## What to produce
Exclude the pictures, and otherwise reproduce the data in full.

## Information shown
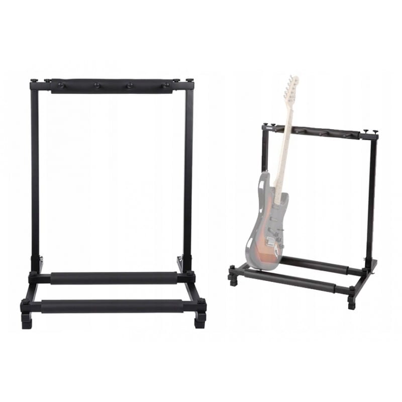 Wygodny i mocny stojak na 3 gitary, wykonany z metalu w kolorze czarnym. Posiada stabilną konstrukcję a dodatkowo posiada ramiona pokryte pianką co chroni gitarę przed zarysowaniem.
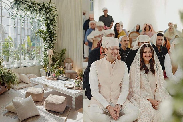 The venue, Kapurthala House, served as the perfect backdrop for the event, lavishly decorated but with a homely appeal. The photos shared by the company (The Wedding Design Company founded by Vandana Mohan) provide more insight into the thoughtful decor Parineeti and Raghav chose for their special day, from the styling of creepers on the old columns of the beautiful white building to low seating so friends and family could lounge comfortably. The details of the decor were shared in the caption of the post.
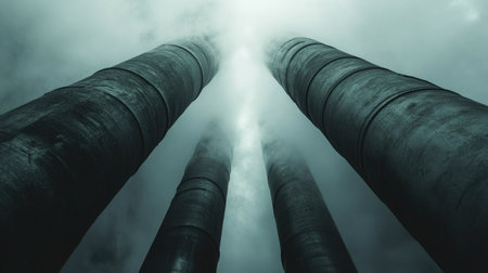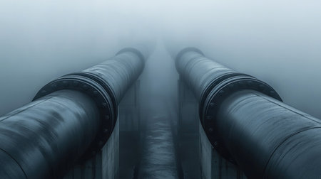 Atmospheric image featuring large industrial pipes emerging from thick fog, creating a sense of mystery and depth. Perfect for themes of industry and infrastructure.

## Output for this exercise
 Wygodny i mocny stojak na 3 gitary, wykonany z metalu w kolorze czarnym. Posiada stabilną konstrukcję a dodatkowo posiada ramiona pokryte pianką co chroni gitarę przed zarysowaniem.
 The venue, Kapurthala House, served as the perfect backdrop for the event, lavishly decorated but with a homely appeal. The photos shared by the company (The Wedding Design Company founded by Vandana Mohan) provide more insight into the thoughtful decor Parineeti and Raghav chose for their special day, from the styling of creepers on the old columns of the beautiful white building to low seating so friends and family could lounge comfortably. The details of the decor were shared in the caption of the post.
 Atmospheric image featuring large industrial pipes emerging from thick fog, creating a sense of mystery and depth. Perfect for themes of industry and infrastructure.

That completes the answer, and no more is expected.